Inconveniently, we tell this story against a backdrop in which a lot of other people – and corporations – are telling a similar story in ways that seem more fun, but which are ultimately less real and less true.
This week my son commented on the “very fine line between church Christmas and Santa.” I asked him to tell me more and he said he just wished we did not have to work so hard to keep them separate. This is a conversation that I am sure we will continue having for years to come, and I am not really sure where his thinking was leading him. (He was likely reflecting on the fact that Santa decorations reside in one part of our home, and creche and angles reside in another.)
But I do know that he is already coming to understand something with which all Christians must struggle: this endeavor is difficult work.

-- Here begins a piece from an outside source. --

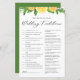 Pourquoi faisons-nous cela ? Ajoutez cette carte de jeu de traditions Mariages amusantes et festives à votre événement. Il dispose d'une guirlande aquarelle de citrons, d'oranges et de verdure avec un script fantaisiste. Personnalisez en ajoutant des textes au verso de la carte. Ce jeu de Traditions Mariages est parfait pour les jeux de douche nuptiale d'été et les jeux wedding showers.

We have a story to guard. Truth to seek. And Magic to embrace.
Deep Magic. Not Cheap Tricks.
That's what we need this #Advent pic.twitter.com/F21dhmA7MZ— Three Minute Ministry Mentor (@3MinuteMin) December 14, 2020
Magic? Magic in the church’s Christmas?
I came near to magic this week. The grandmother told a long and beautiful story, full of love and loss and magic – a story that helped the children to understand their own story – who they are in the world and from whom they had come.
“Why didn’t you tell us before?” the child asked her Grandmother.
“I had to wait for the right moment. When you were ready for the magic. Because it’s been ready for you.” Jingle Jangle: A Christmas Journey, Netflix (2020).
This has something to do with faith formation – I thought.
This has something to do with preparing people to encounter holy mystery.
Deeper Magic
Magic can be a helpful way to talk about the mysteries of our faith. In The Chronicles of Narnia, C.S. Lewis tells of the mystical reality he calls “Deeper Magic from before the dawn of time.” This magic undergirds the story arc of children coming to understand their own story. They know who they are in the world and from whom they came. They come to understand the merciful, sacrificial, and wise love of Aslan.
During Advent, this idea that “magic” and “mystery” are a part of our faith can be poignant and freeing! Using the idea of “Deep Magic” and the “Deeper Magic” can give us a hook on which to hang our unbelief, our doubts, our quibbles with reason and logic. It makes space for that sense that we simply cannot fully articulate the faith that we profess.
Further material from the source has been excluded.